Vladimir MayakovskyBorn in 1893 in the Georgian village of Bagdadi (which was renamed Mayakovsky after his death), Vladimir Mayakovsky was the son of a forestry officer. By the time of the 1905 revolution Mayakovsky was already working with the local Social Democrats, and when his family moved to Moscow a couple of years later he joined the Bolsheviks. He did propaganda work for the party until his arrest in 1908, which resulted in an imprisonment of eleven months.

The imprisonment was crucial to his artistic and political development, as he spent the time reading the classics of world literature. Nevertheless, upon leaving prison he became a key figure of the artistic avant-garde in Moscow, becoming a Futurist, an artistic movement resolutely opposed to all that was old and bucolic, and which praised the city, speed, and modernity.
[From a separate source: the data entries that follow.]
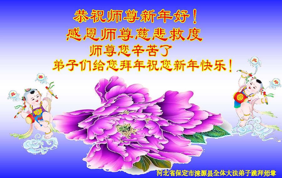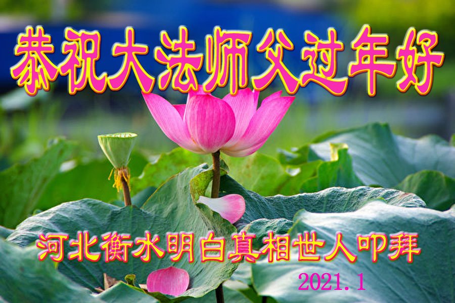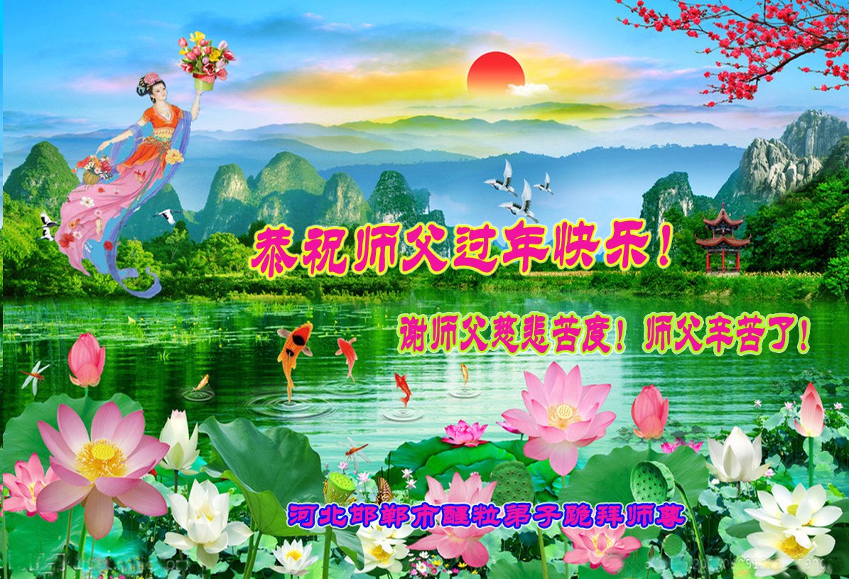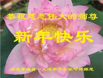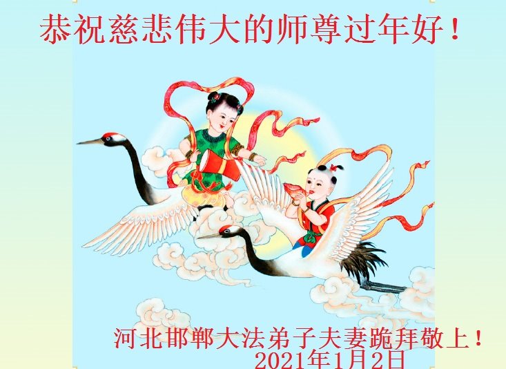 河北石家庄辛集的明白真相的人们恭祝李大师新年好!同时祝贺您的弟子又走过了这不平凡的一年,在疫情期间还在救人。可以说大法师父和大法弟子都在救度众生。我们也祝你们一臂之力,早日结束这场迫害。愿您的弟子不再遭迫害。解体中共。谢谢您和您的弟子们!
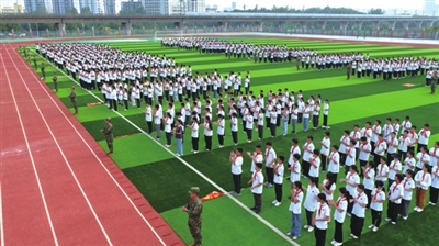 隨著咸寧實(shí)驗(yàn)外國(guó)語(yǔ)學(xué)校本部500余名初一新生步入玉桂校區(qū)大門,結(jié)營(yíng)儀式正式開(kāi)始。在總教官指令下,同學(xué)們以班級(jí)為單位,組成一個(gè)個(gè)整齊的方陣,喊著響亮的口號(hào)。
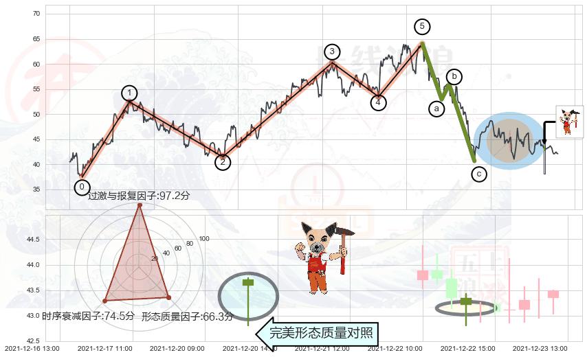 从2021-11-22 09:00至2021-12-06 09:00,共包含63个小时,阶段股价下跌-43.61%,阶段股价变动位移路程比: 1 : 2
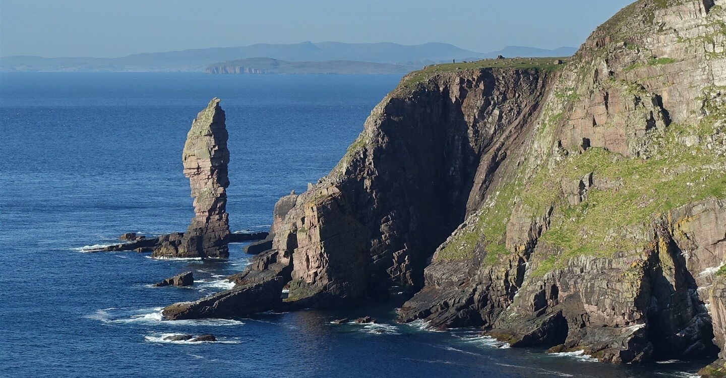 An einer Landspitze befindet sich ein 02 Aussichtspunkt (72 m) mit einem faszinierenden Blick entlang der Steilküste, an deren Ende der Old Man of Stoer auszumachen ist.
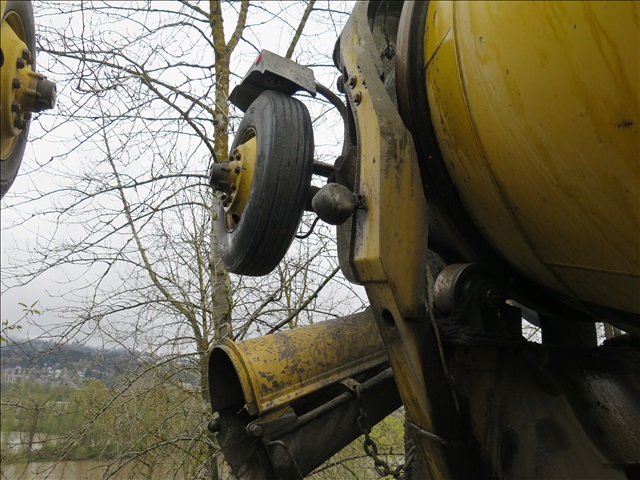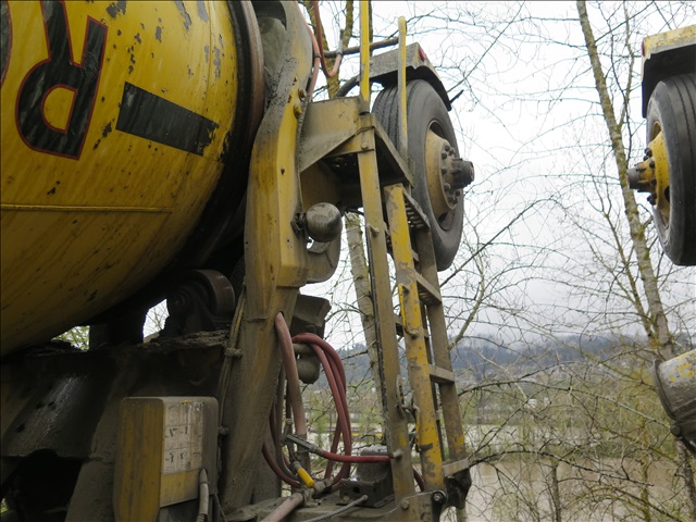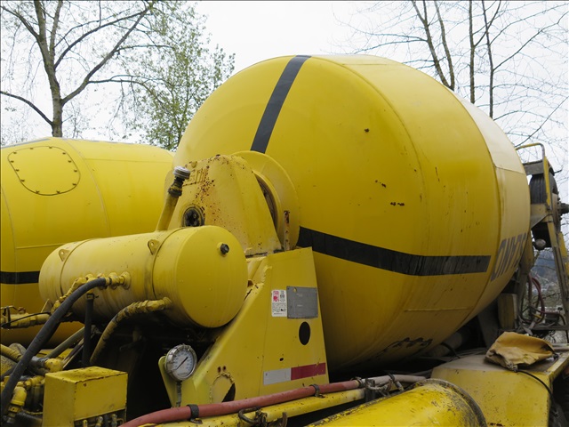 TRI AXLE, 9 CU YD MIXER TRUCK, 230 HP, 5+3, BEAM SUSPENSION, REX HYDRAULIC MIXER, S/A BOOSTER, WATER SYSTEM, ODOMETER READS: 557,544
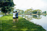 Back View of Two Men Take a Selfie by the Serene Lake, Enjoying Peaceful Nature Together

As their manifesto said: “We alone are the face of our time. Time’s trumpet blares in our art of words. The past is stifling…Throw Pushkin, Dostoevsky, Tolstoy, etc, overboard.”

From this time until the revolutions of 1917 Mayakovsky was one of the most visible members of the Russian artistic scene. He wrote rough, declamatory poetry and cultivated the image of a hooligan, and poems he wrote during this period, like “ The Cloud in Trousers” and “I,” were among the most important of the time.